Summary: Repeating patterns are a source of inspiration for many abstract painters. Try out different patterns when making an abstract painting using the techniques in this free art lesson from an art instructor.
Gretchen Kibbe is an artist and part-time faculty member at Appalachian State University. She worked as a scenic artist on the Spike Lee movie School Daze.read more
"Another way to develop a non-objective design is to work with a pattern and then multiply it, cut it up, divide it, put it back together again. What I started with is I started with these two images which are both sort of takes on Kaleidoscope images. You know these might be something you'd see in Kaleidoscope which already is a pattern I mean we've got lots of pattern going on here. So there's all kinds of places I can go with this, what I chose to do and you know, you can do this on your computer really easily once you scan these things. I thought well I can reduce it or I can make the image much bigger and I can put it in colored paper. So I've got lots of sort of raw material to start my design with and then it's a matter of sort of cutting and pasting and moving things around. Now the reason why I do this here and not on a computer so much is because here you have more control of real size.
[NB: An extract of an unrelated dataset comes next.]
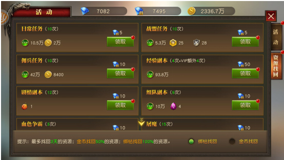 对于前一天忘记做或者没时间参加的活动任务,是不是觉得心很痛?别慌,资源找回可以快速帮你找回未参与的活动奖励。用金币可以找回50%的资源,绑钻可以找回100%的资源,最多甚至可以找回3天的资源,再也不用担心爆肝了!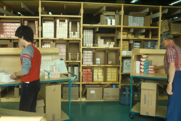Lager med tobakk og sigaretter. Lager og transport hos Tiedemanns Tobaksfabrik.

And a computer it's going to look like the size of your screen no matter what you do and here you get more of a sense of the tactility of it and the actual scale of things. And I need that hands on, that hands on thinking so you know, I would be cutting these apart and mixing them back up. I would be putting them you know this for example is, comes in the center so I would be turning these around so that in fact let's see, so that we, we start to develop anther pattern. If these are turned around you get this shape here instead of this medallion shape you can have this shape here. Let me see if I can."